The move marks both a physical and figurative shift that highlights what top chefs around the world are predicting will become the most influential cuisine around the world: the foods and flavors of Mexico.
For the past few years, Peruvian cuisine has been the darling of the Latin American food world, with international chefs becoming enamored with the rich, cross-pollination of Japanese, Chinese, and South American flavors.
Mole Poblamo: Mexico's national food dish. |
The Latin America’s 50 Best Restaurants is an offshoot of Restaurant magazine’s World’s 50 Best Restaurants awards. Last year it was the Peruvian capital of Lima that was chosen to host the inaugural event.

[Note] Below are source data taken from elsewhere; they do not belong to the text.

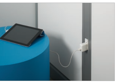
Inline Connectors support power and data vertically for access at multiple heights.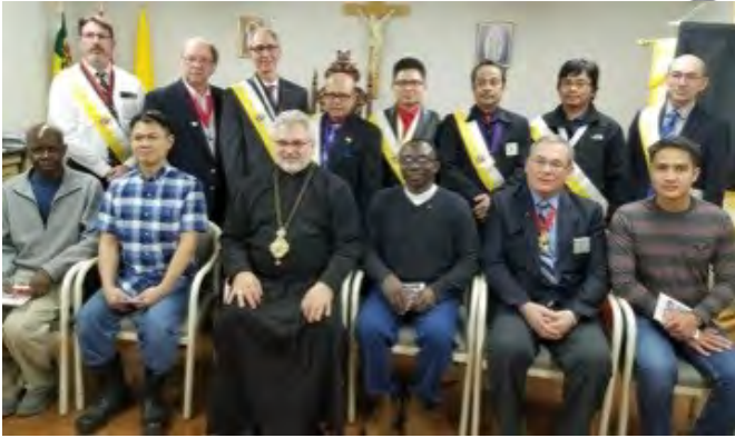
Council 1517 held an Admission Degree in Saskatoon on December 9th with 4 new members.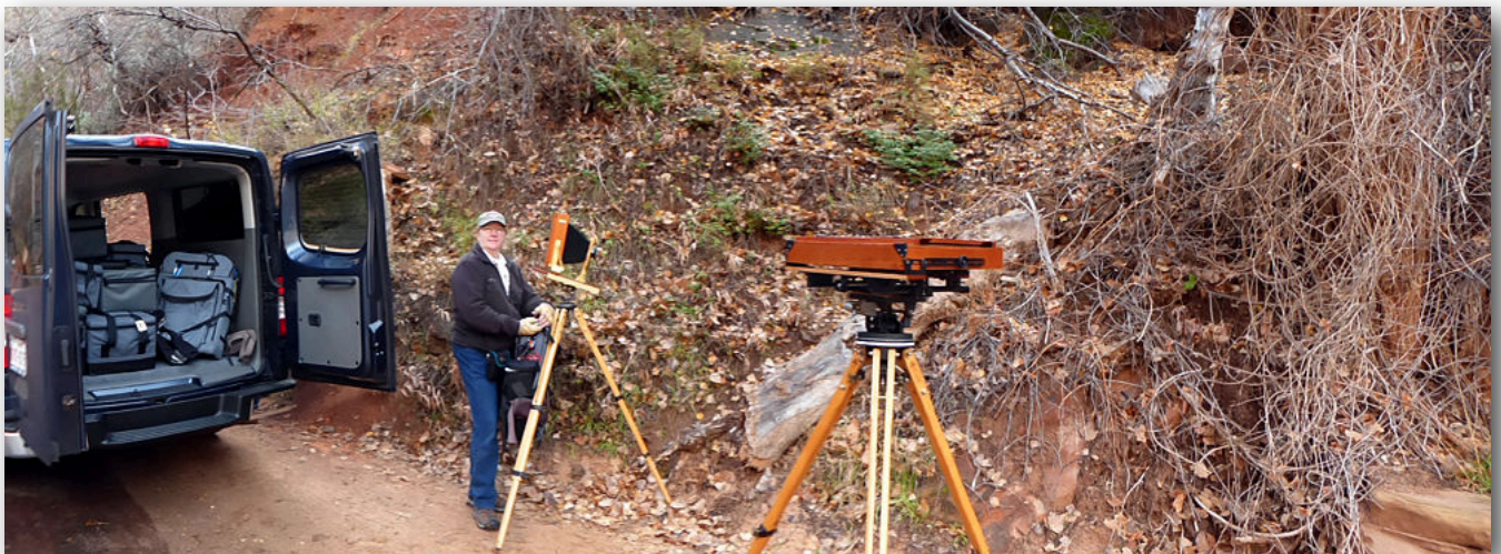
Yep, we work from the side of the road a lot!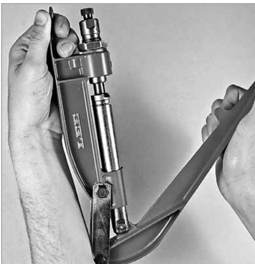
④ PLACE THE LUBRICATED CASE in the shell holder and squeeze the levers together. Open the levers and remove the case. Do this with all of the cases before proceeding to the next step. CAUTION After every box of 20 rounds, remove the shell holder and dump out the spent primers.

If for any reason you do not use Lee Resizing Lubricant, be very careful not to contaminate the powder or primers. All other brands are oil based and have serious, detrimental effects on powder and primers. Because of the stickiness, they also attract grit that can damage the die. Lee Resizing Lubricant costs less and is so superior that it is worth the effort to insist upon it or order direct from the factory.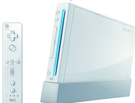
Figure 2. Nintendo Wii controller (left) and Nintendo Wii base console (right).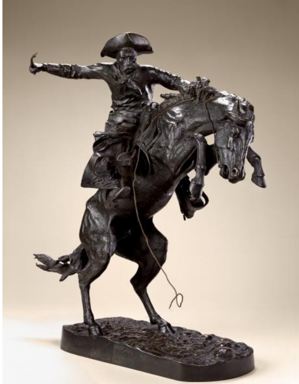
Figure 7: Frederic Remington, The Rattlesnake , ca. 1908. Bronze, 23 1/8 x 17 3/4 x 14 1/2 in. The Metropolitan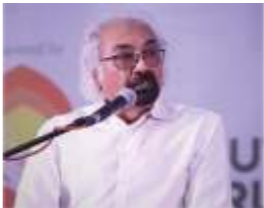
Sam Pitroda – Father of Indian Telecom Revolution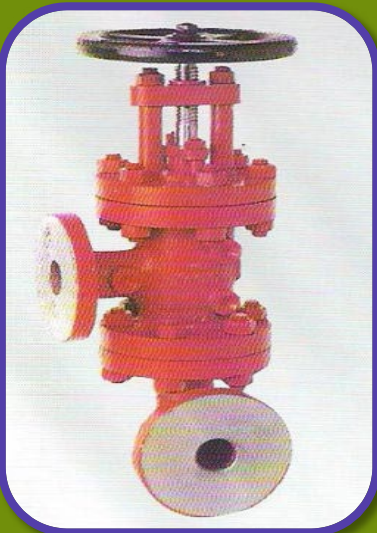
IBR Approved Feed Check Valve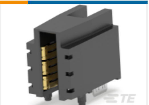
TE Part #2204018-2 CC 150 - CROWN CLIP Dual Power Connector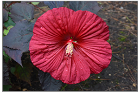
Summerific Holy Grail Hibiscus flowers

Summerific Holy Grail Hibiscus is an herbaceous perennial with an upright spreading habit of growth. Its relatively coarse texture can be used to stand it apart from other garden plants with finer foliage.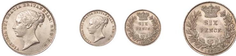
207 Sixpence, 1867, die 10 (ESC 3215; S 3910). Extremely fine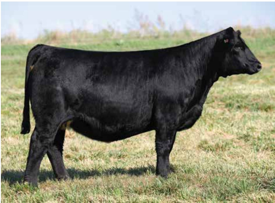
LOT 57 JS FLIRT AWAY 66L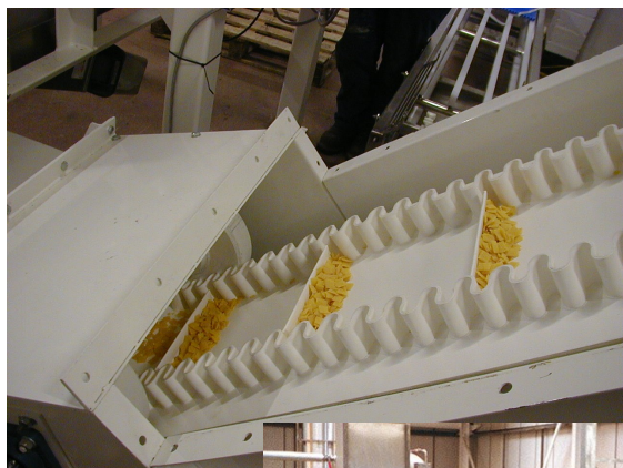
Edged wall belt conveyor for conveying flakes prior to coating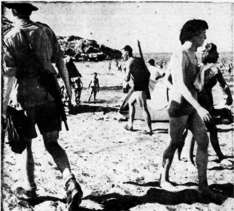
The situation in Cyprus

This is Kyrena Beach just before the truce ended. British troops were allowed to leave restricted areas but took their guns with them (note soldier in center with rifle, another at left with Sten gun). Last week the British said they had discovered documents proving that exiled Archbishop Makarios was the real underground leader; forgery, said the Cypriots. And as though they don't have their hands full in Algeria, the French got permission to land more troops on Cyprus. But the clock refuses to turn back.

At a chef’s forum held in New York last month, Mexican cuisine was top of mind among influential US food figures including chef April Bloomfield and Food & Wine magazine’s restaurant editor Kate Krader.
"It’s delicious, it’s soulful, it’s local. They don’t buy any of their produce from anywhere else, it comes from their plot of land and it’s super delicious, complex, diverse, and spicy," Bloomfield had said.
On an international scale, Krader noted that the pendulum is swinging away from Nordic and Scandinavian cuisine towards Latin America, a decidedly different culinary landscape punctuated by bold, complex flavors and spices.
Mexico currently has 10 dining addresses listed on Latin America’s 50 Best Restaurants that includes Enrique Olvera’s Pujol, the highest-ranking Mexican eatery in the No. 6 spot.